Thursday, March 30, 2006

On the Box

Television stations in the Philippines must be awash with hand held microphones. Never have I seen so many. Every presenter seems to have one along with performers and guests. I have the lingering memory of seeing the 6 presenters of a local free to air breakfast show seated on 2 sofas each with their own hand held mic. Thankfully they were radio mics otherwise the studio floor would have been spaghetti junction.

The majority of local programs are presented in Taglish, a mixture of Tagalog and English. The majority is Tagalog and my command of Tagalog is such that to get the full meaning of the dialogue would require a lot more than the odd English being word thrown in. Still it is fun to watch the antics of the family’s favourite show, Eat Bulaga which translates as peek-a-boo.

If longevity is any determining factor in popularity, Eat Bulaga has to be stellar. It has been going to air for 25 years, presenting 6 shows a week, 52 weeks a year. It is essentially a 2 game shows where contestants can win up to 1 million pesos and indeed some do, played either side of a half hour comic relief segment.

The comic relief segment is a show to behold in itself. Set in a quasi school room it is based on knock, knock jokes, parodies of pop songs, a chocolate wheel with a jail waiting for those who score zero and usually ends with custard pie fight.

Its main competition in the game show stakes is Wowowee which goes to air on a rival station after Eat Bulaga has finished. Its producers are currently being investigated after 74 people were crushed to death and over 300 injured when a crowd 30,000 people surged forward for tickets for their first anniversary show at the 10,000 seat PhilSports Arena in Pasig.

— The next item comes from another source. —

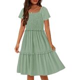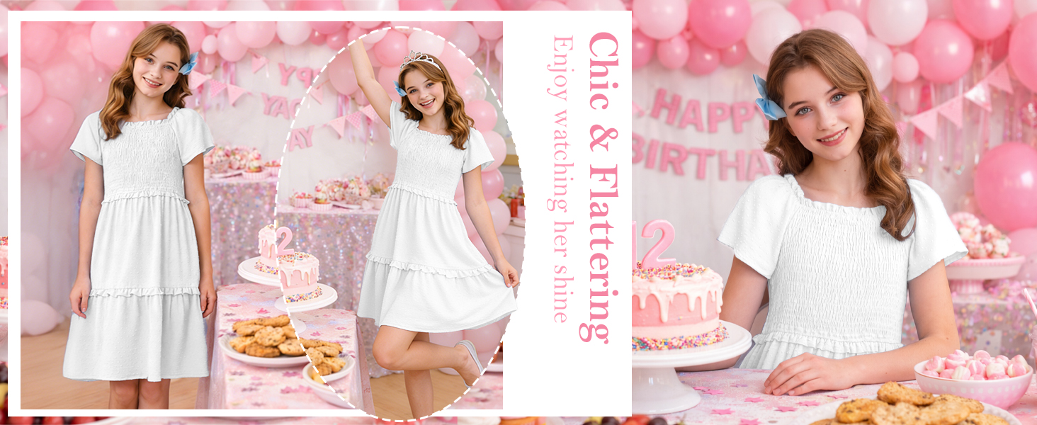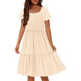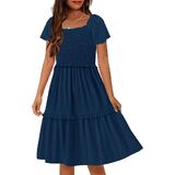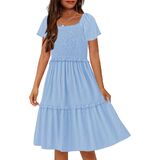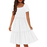 فستان بناتي بأكمام قصيرة مصنوع من قماش ناعم، بشرة لطيفة، مع بطانة، لا يسبب الحكة، مريح ومسامي، يبقي ابنتك منتعشة ومرتاحة خلال أيام الصيف الحارة. مثالي لفستان الفتيات الصغيرات/فستان الفتيات المراهقات/فستان الفتيات المراهقات
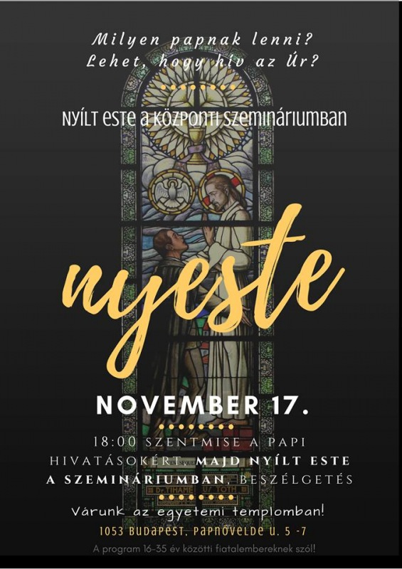 A „Nyeste” néven meghirdetett program a papi hivatás iránt érdeklődő fiatalembereket célozza meg, akik kispapokkal és elöljáróikkal találkozhatnak egy kötetlen kiscsoportos beszélgetés keretében. Az este során betekintést nyerhetnek a papságra készülők életébe, egy kis ízelítőt kaphatnak a közösségi élet örömeiből, s megismerhetik a papnevelés alapintézménye, a szeminárium működésének alapjait.

Fortunately for this Tagalog challenged Aussie there is also cable to compliment the free to air stations. All the usual suspects, HBO, ABC Asia, Discovery, Hallmark, Nickelodeon, et al are amongst the 60 channels on offer for 500 pesos a month.

Tuesday, March 28, 2006

Visiting da Provinces

Over the past fortnight we have made a couple of visits to friends and relatives who live outside of Manila in Da Provinces, a term that conjures up the prospect of sleepy hollows taking life at a slower place.

Couldn’t be more wrong, the towns of Silang in Cavite and Malolos in Bulacan are bustling metropolises that vie with Metro Manila for noise and action. Cavite is the first province outside of National Capital Region to the south whilst Bulacan is in the north. Except for passing the odd rice paddy and grazing carabow on the journey, you could be excused for thinking you were still in Metro Manila.

Both journeys were of about two hours by public transport, jeep, bus, bus to Silang and jeep, train, FX taxi and jeep to Malolos. Taking into account the amount of traffic on the roads, I doubt that much time would have been saved driving oneself.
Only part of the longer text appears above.